Tuesday, November 20, 2012

Great Ward

I have a pretty great ward.

For those of you in my ward (and stake) who read this...Thank You!

Thank you for loving me just the way I am. Thank you for trying to understand. Thanks for staying my friend and for not running away screaming. Or even running away silently. That means the world to me.

You have no idea how your friendship has helped me these last several months.

Thursday, November 8, 2012

Letting Others Adjust

Well, I just wanted to take a minute and followup on my post about Finding Peace in Truth, that I recently posted to my facebook for all to see who wished.

I wasn't sure exactly how well that would be received by some. It's always a risk to share something so personal, and in such a public way.

But I have to say I have been very pleasantly surprised. The responses I received from those who were willing to comment were absolutely positive, encouraging, full of love and understanding, and more importantly - acceptance.

I have received no negative reactions (at least to my face, and I guess that's good). ;) About the only thing I have noticed, is that a few (very few) people have seemed a little more "stand-off-ish". They still acknowledge me, and talk to me, but I can tell they are trying to deal with this new information, and aren't exactly sure how to.

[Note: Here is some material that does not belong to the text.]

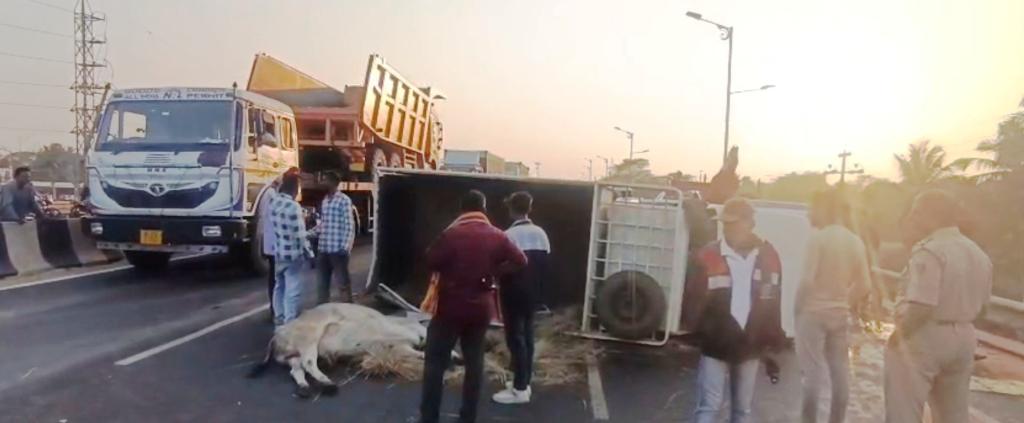 ଭଦ୍ରକ, ୭ା୨ (ଓଡ଼ିଆ ପୁଅ / ସ୍ନିଗ୍ଧା ରାୟ) -ଭଦ୍ରକ ଗ୍ରାମାଂଚଳ ଥାନା ଅଧିନସ୍ଥ ୧୬ ନମ୍ବର ଜାତୀୟ ରାଜପଥ ଆରଡ଼ି ଛକ ବ୍ରିଜ ଉପରେ ବେଆଇନ ଚାଲାଣ ହେଉଥିବା ଏକ ଗୋରୁ ବୋଝେଇ ପିକପ ଭେନ ଓଲଟିବା ଫଳରେ ଗୋଟିଏ ଗୋରୁ ମୃତ୍ୟୁ ବରଣ କରିଛି।ଅନ୍ୟ ଦୁଇଟି ଗୋରୁକୁ ଉଦ୍ଧାର କରିଛନ୍ତି ଗୋ ରକ୍ଷକ। ଆହତ ଡ୍ରାଇଭରକୁ ଭଦ୍ରକ ମୁଖ୍ୟ ଚିକିତ୍ସାଳୟରେ ଭର୍ତି କରାଯାଇଥିବାବେଳେ ଅନ୍ୟ ଜଣଙ୍କୁ ଥାନାରେ ଅଟକ ରଖି ପୋଲିସ ତଦନ୍ତ ଆରମ୍ଭ କରିଛି।ଘଟଣା ସ୍ଥଳ ଜାତୀୟ ରାଜପଥର ଗୋଟିଏ ପାର୍ଶ୍ୱ ରେ କିଛି ସମୟ ପାଇଁ ଗାଡି ଚଳାଚଳ ବନ୍ଦ ରହିଥିଲା।ସେଠାରେ ପୋଲିସ ପହଂଚି ତଦନ୍ତ ଆରମ୍ଭ କରିବା ସହିତ ଦୁର୍ଘଟଣା ଗ୍ରସ୍ତ ଗାଡି କୁ ସାଇଟ କରିବା ପରେ ଗାଡି ଚଳାଚଳ ସ୍ୱାଭାବିକ ହୋଇଥିଲା।

I can accept and appreciate that. When I first realized and accepted this little fact about myself, I was a bit stand-off-ish towards myself as well. :)  It took me a long time to truly accept that this was simply a part of who I was ... and I was still who I had always been. I think that is what's hard for some people - they've known me (and others who "come out") for so long, that with this new information that seems so unlikely, and so contrary to the way they've viewed me this whole time, that they somehow see me as a different person suddenly. And now have to reassess everything about who I am. When in reality, I have not changed one little bit. I'm still the same old me I've always been.

But still, for some it takes time. I'm actually more amazed by those who seem to not need any time to adjust to this new information. Truly, that is incredible.